If the only two players (Google and Apple) both use Google Search by default, then Google has effectively captured 100% of the mobile ad market. (And since Google is paying Apple et al for that default state, it is indeed a market.)
The court could require device makers (including Google itself) to prompt users to select their search engine provider, or potentially ban Google from buying search engine defaults from other companies (Apple, Mozilla, etc.) as an anticompetitive practice.
That's an interesting scenario. Let's say Google is banned from buying search engine defaults. Then Mozilla would no longer be able to sell the Firefox default to Google.

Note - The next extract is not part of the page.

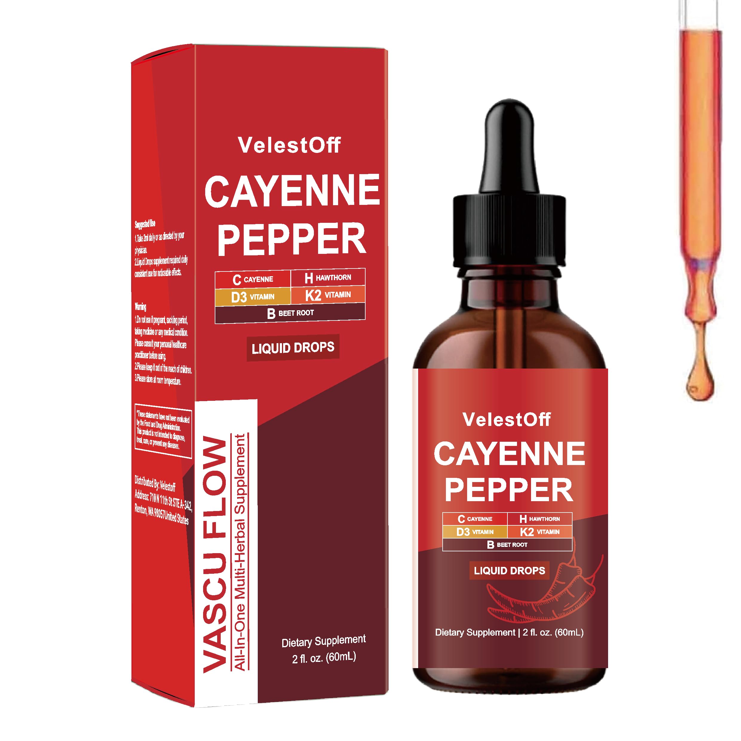Generous Supply Each bottle contains 60 mL (2 FL. OZ.) of liquid, providing a convenient and lasting supply to support your wellness journey. Easy Usage Instructions Gently shake the bottle before use. Take 1 to 2 drops per serving, once or twice daily, as part of your daily health routine. Optimal Storage Guidelines For best results, store the bottle in a cool, dry area, shielded from direct sunlight. This helps preserve the quality and effectiveness of the formula over time. Gentle Smooth Taste Experience Unlike typical chili extracts, this preparation is crafted to be exceptionally mild. Our glycerin base ensures a smooth and pleasant taste, completely free from any burning or discomfort. Key Ingredients Benefits This unique formula combines Cayenne Pepper, Hawthorn, Beet Root, Turmeric, and Vitamins K2 D3. Each ingredient is carefully selected to contribute to your overall wellness, supporting circulation, energy, and vitality without any harsh sensations.

Sure, they could sell it to someone else, but without the biggest player bidding up the price, it'd probably sell for a fraction of what it does today -- which could be devastating to Mozilla, given that almost all of their funding comes from the search deal. What would that do to competition in the browser space?
Competition in the browser space is over and Chromium won. If this had been regulated earlier by preventing Google from preinstalling Chrome on all Android devices, we wouldn't be in this situation where Firefox is on life support, but here we are.
Using Firefox as a reason not to break up some of Google's hold on search seems extremely short-sighted. Besides, Edge using Chrome changed the whole browser market dynamic as more and more people are using it. Once Microsoft reaches a somewhat decent percentage of install we will be back at a two (three?) player situation.
Apple could actually make more money. Say Google is split into two renamed search engines: elgooGA and elgooGB, with evenly divided assets. They would immediately be two search titans competing for the important Apple contract and would try to outbid one another. Perhaps elgooGA wins Apple, but then elgooGB wins Firefox. Every alternative platform to Apple would stand to get more money. And the users would then become more accustomed to having different default search providers and usage might be split. That is a win for DuckDuckGo and all other competitors.
If the only two players (Google and Apple) both use Google Search by default, then Google has effectively captured 100% of the mobile ad market. (And since Google is paying Apple et al for that default state, it is indeed a market.)
The court could require device makers (including Google itself) to prompt users to select their search engine provider, or potentially ban Google from buying search engine defaults from other companies (Apple, Mozilla, etc.) as an anticompetitive practice.